**TASK DIRECTIONS:**
What you return must be the full data, repeated verbatim, with no pictures in it.

**EXERCISE DATA:**
####

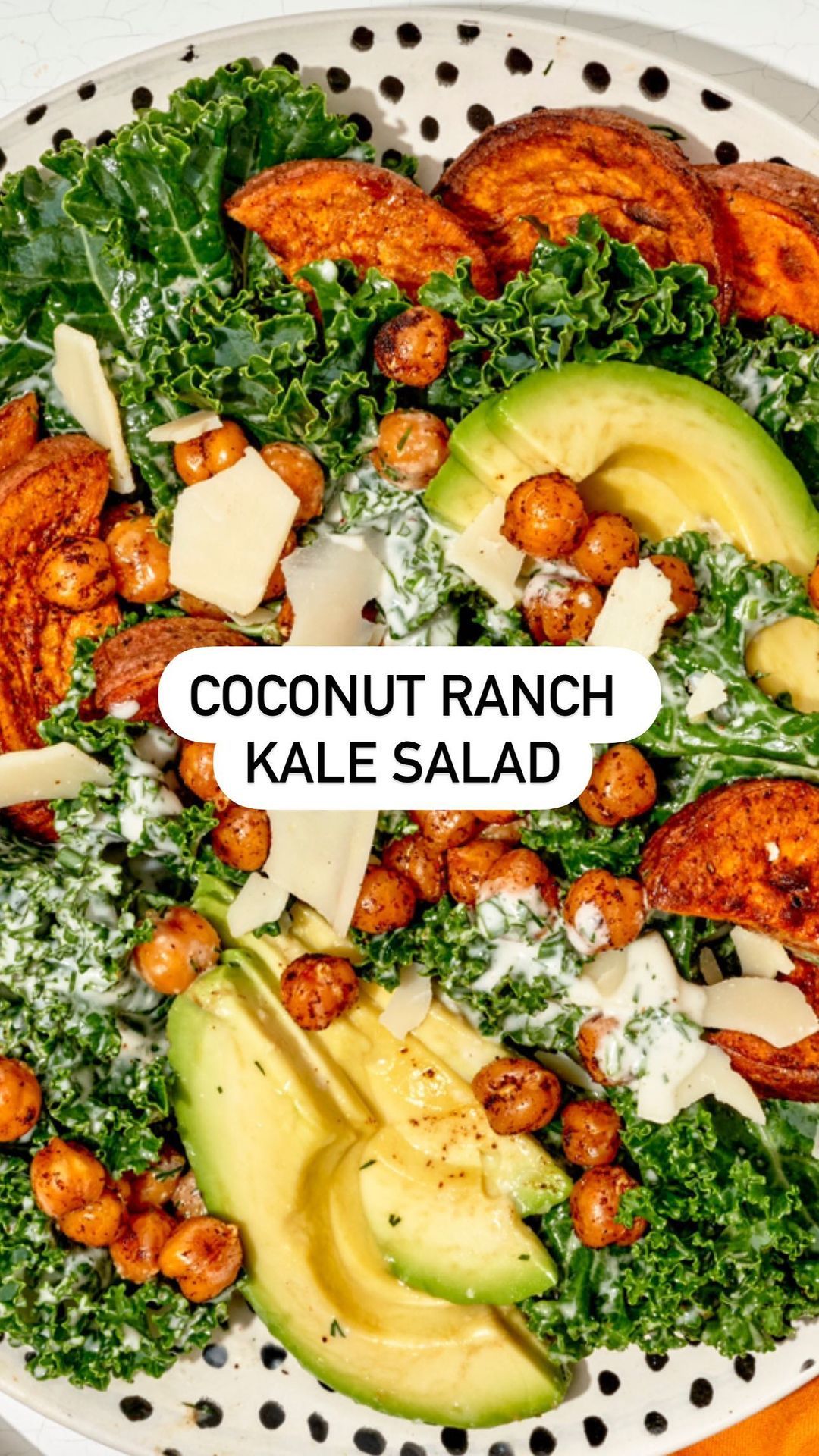 4. Step 4: Massage kale with salt for about 1 minute. Place in a bowl and top with sweet potatoes, chickpeas, avocado, and vegan parmesan. Drizzle with coconut ranch and enjoy!
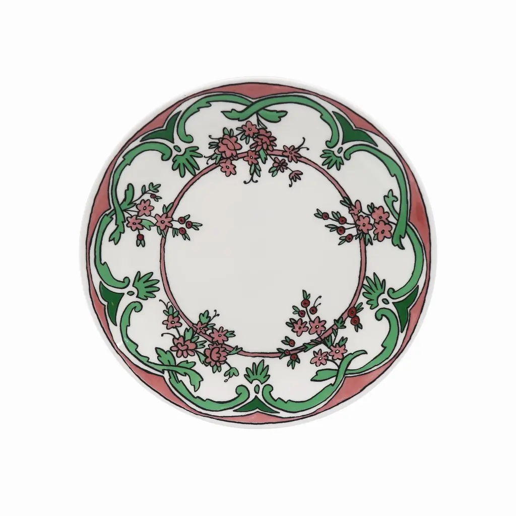 A bold expression of contemporary tableware, this dessert plates set is defined by its sinuous design and smooth color application. Made of white porcelain, these plates' floral pattern is hand drawn with black lines and subsequently colored in with a vibrant green hue. The subtle imperfections in hue and design are hallmarks of a uniquely hand-made process. The plate measures 19 cm.
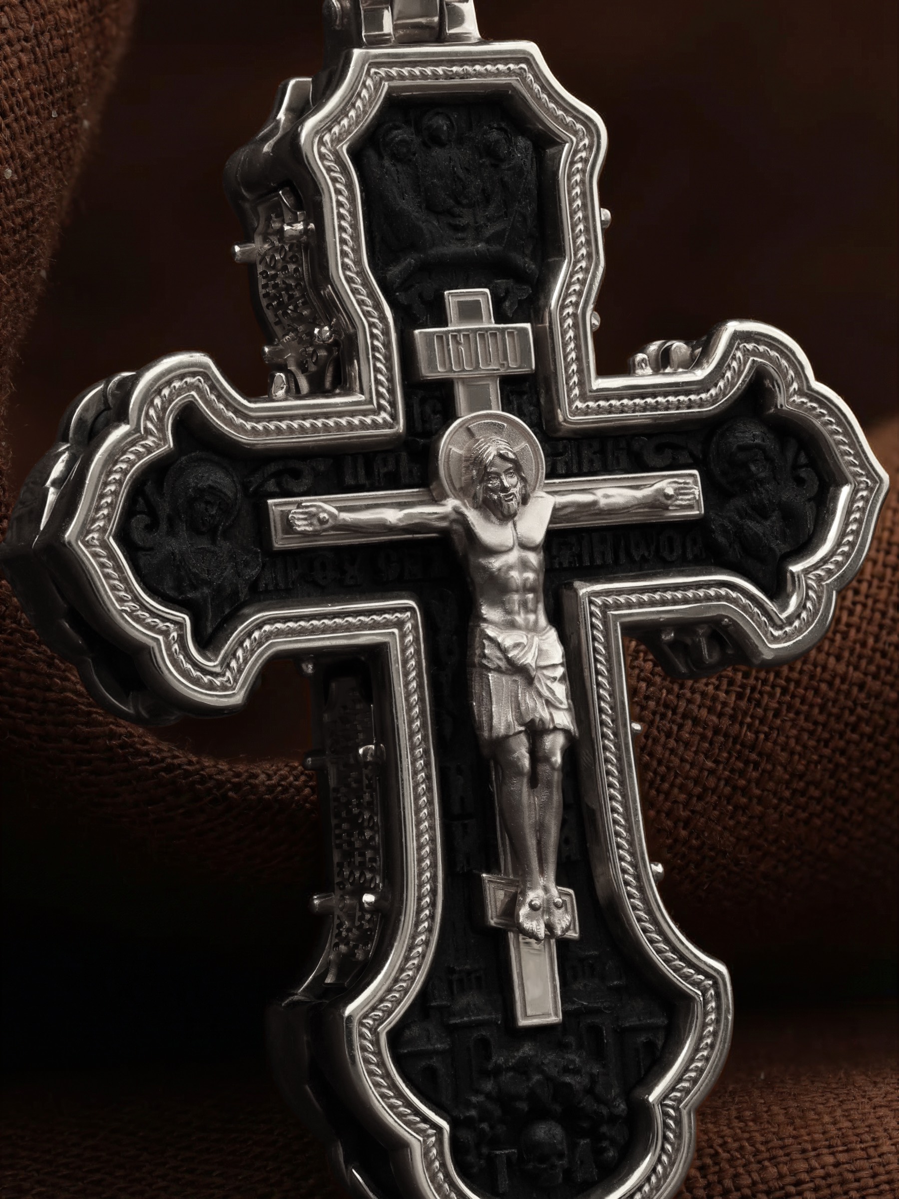 На лицевой стороне креста изображено Распятие Господа и Спасителя нашего Иисуса Христа, отдавшего Себя на смерть, чтобы другие могли жить — жить вечной жизнью, жить с Богом. Через крестную жертву Бог раскрывает нам Свою безмерную любовь и призывает к ответной любви. Своею кровью Господь освятил крест и сделал его проводником Своей благодати, источником освящения верующих. На верхней табличке, выше головы Иисуса, расположена надпись, составленная Понтием Пилатом — «IНЦI». Она означает «Иисус Назорей, Царь Иудейский». Распятие сопровождается каноническими надписями. Надпись «IС» « ХС» означает Иисус Христос и помещается над Распятием. Надпись «Царь Славы» помещается на разных сторонах поперечной (большой) перекладины креста. Ниже расположены надпись «Сын Божий» и слово «НИКА», что означает «победитель». Слева от Распятия изображена Пресвятая Богородица, Справа изображен Пророк Предтеча и Креститель Господень Иоанн. За Распятием высится Иерусалимская стена, в знак того, что Господь был распят вне стен города. Возвышение, на котором стоит Крест, символизирует гору Голгофу, на которой произошло Распятие. Под подножием Креста изображена покоящаяся голова (череп) Адама и надпись «Г.А.». Над распятием помещено изображение иконы Святой Троицы в виде трех ангелов. На кулонном кольце изображен Нерукотворный образ Господа и Спасителя нашего Иисуса Христа, чудесно отпечатавшийся на плате, котором Христос вытер свой лик.

####

**RESPONSE AREA:**
 4. Step 4: Massage kale with salt for about 1 minute. Place in a bowl and top with sweet potatoes, chickpeas, avocado, and vegan parmesan. Drizzle with coconut ranch and enjoy!
 A bold expression of contemporary tableware, this dessert plates set is defined by its sinuous design and smooth color application. Made of white porcelain, these plates' floral pattern is hand drawn with black lines and subsequently colored in with a vibrant green hue. The subtle imperfections in hue and design are hallmarks of a uniquely hand-made process. The plate measures 19 cm.
 На лицевой стороне креста изображено Распятие Господа и Спасителя нашего Иисуса Христа, отдавшего Себя на смерть, чтобы другие могли жить — жить вечной жизнью, жить с Богом. Через крестную жертву Бог раскрывает нам Свою безмерную любовь и призывает к ответной любви. Своею кровью Господь освятил крест и сделал его проводником Своей благодати, источником освящения верующих. На верхней табличке, выше головы Иисуса, расположена надпись, составленная Понтием Пилатом — «IНЦI». Она означает «Иисус Назорей, Царь Иудейский». Распятие сопровождается каноническими надписями. Надпись «IС» « ХС» означает Иисус Христос и помещается над Распятием. Надпись «Царь Славы» помещается на разных сторонах поперечной (большой) перекладины креста. Ниже расположены надпись «Сын Божий» и слово «НИКА», что означает «победитель». Слева от Распятия изображена Пресвятая Богородица, Справа изображен Пророк Предтеча и Креститель Господень Иоанн. За Распятием высится Иерусалимская стена, в знак того, что Господь был распят вне стен города. Возвышение, на котором стоит Крест, символизирует гору Голгофу, на которой произошло Распятие. Под подножием Креста изображена покоящаяся голова (череп) Адама и надпись «Г.А.». Над распятием помещено изображение иконы Святой Троицы в виде трех ангелов. На кулонном кольце изображен Нерукотворный образ Господа и Спасителя нашего Иисуса Христа, чудесно отпечатавшийся на плате, котором Христос вытер свой лик.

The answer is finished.